**Directions for this task:** Would you write out the full listing exactly, without any pictures?

**Data excerpt:**
━━━━
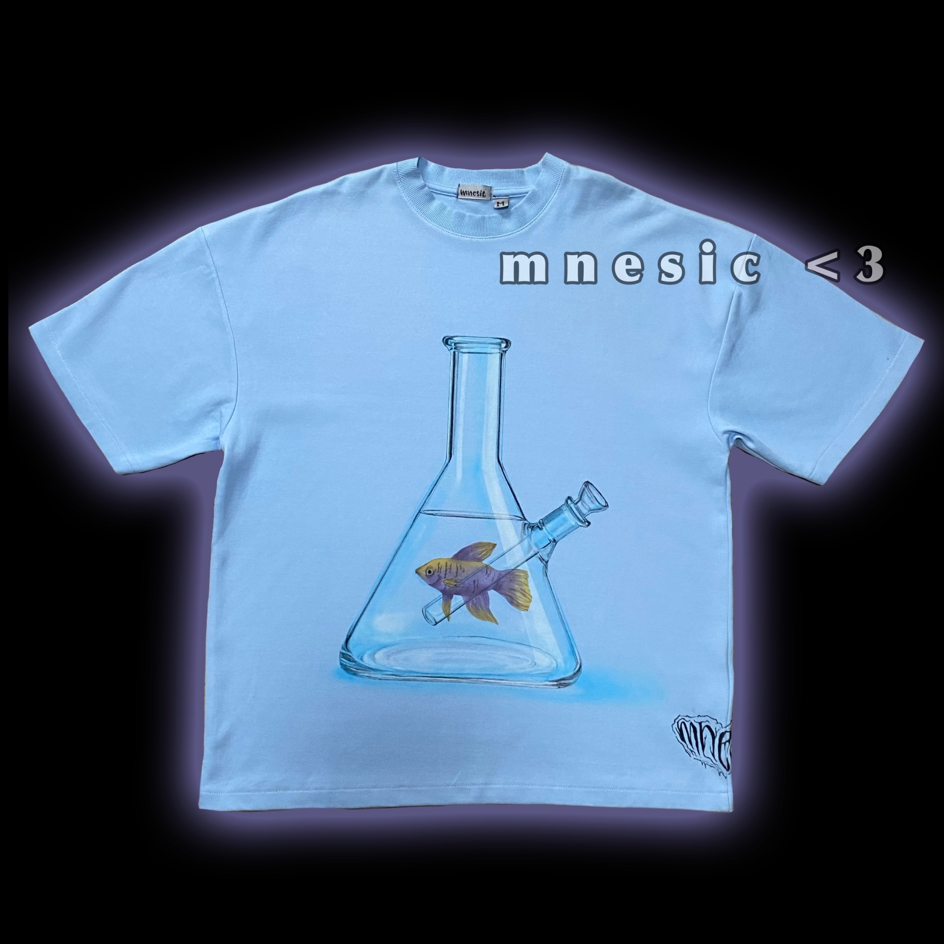 Fish in a B0ng TEE Blue&Purple je tričko, celé ručně pomalované airbrushem, s fialovo-žlutou rybkou na světle modrém pozadí.
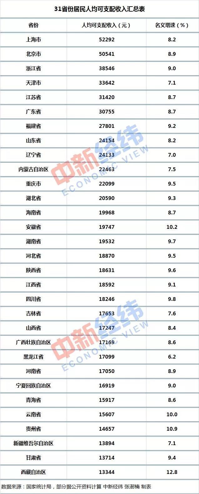 04国家统计局公布31省份前三季度居民人均可支配收入,京沪突破5万元
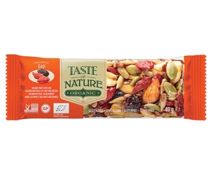 Стафиди* (20%) (стафиди*, слънчогледово олио*), печени ФЪСТЪЦИ* (19%), сироп агаве*, слънчогледови семена* (10%), КАШУ* (8%), плодове годжи* (6%), ленено семе* (6%), сироп от кафяв ориз*, БАДЕМИ* (5%), тиквени семена* (5%), слънчогледово олио смес* (слънчогледово олио*, антиоксиданти: смес от токофероли, екстракт от розмарин*), сок от нар концентрат*, лиофилизирани малини на парчета*, сгъстител: агар. *от контролирано био производство , може да съдържа други ЯДКИ, СУСАМ, СОЯ. Може да съдържа костилки и черупки.
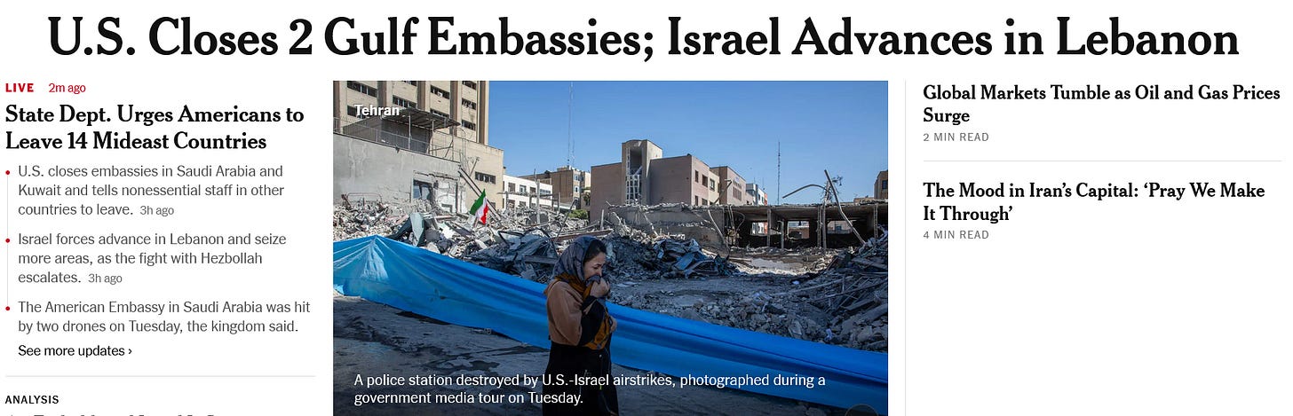 The US is now telling hundreds of thousands of Americans to leave a region where all the airports are closed. Embassies are being attacked and shuttered. Gulf Arab oil infrastructure is being destroyed. In a huge embarrassment for Trump regional leaders are now calling Zelenskyy and Ukraine for help in fighting the Russian-Iranian Shahed drones.
━━━━
**Result:**
 Fish in a B0ng TEE Blue&Purple je tričko, celé ručně pomalované airbrushem, s fialovo-žlutou rybkou na světle modrém pozadí.
 04国家统计局公布31省份前三季度居民人均可支配收入,京沪突破5万元
 Стафиди* (20%) (стафиди*, слънчогледово олио*), печени ФЪСТЪЦИ* (19%), сироп агаве*, слънчогледови семена* (10%), КАШУ* (8%), плодове годжи* (6%), ленено семе* (6%), сироп от кафяв ориз*, БАДЕМИ* (5%), тиквени семена* (5%), слънчогледово олио смес* (слънчогледово олио*, антиоксиданти: смес от токофероли, екстракт от розмарин*), сок от нар концентрат*, лиофилизирани малини на парчета*, сгъстител: агар. *от контролирано био производство , може да съдържа други ЯДКИ, СУСАМ, СОЯ. Може да съдържа костилки и черупки.
 The US is now telling hundreds of thousands of Americans to leave a region where all the airports are closed. Embassies are being attacked and shuttered. Gulf Arab oil infrastructure is being destroyed. In a huge embarrassment for Trump regional leaders are now calling Zelenskyy and Ukraine for help in fighting the Russian-Iranian Shahed drones.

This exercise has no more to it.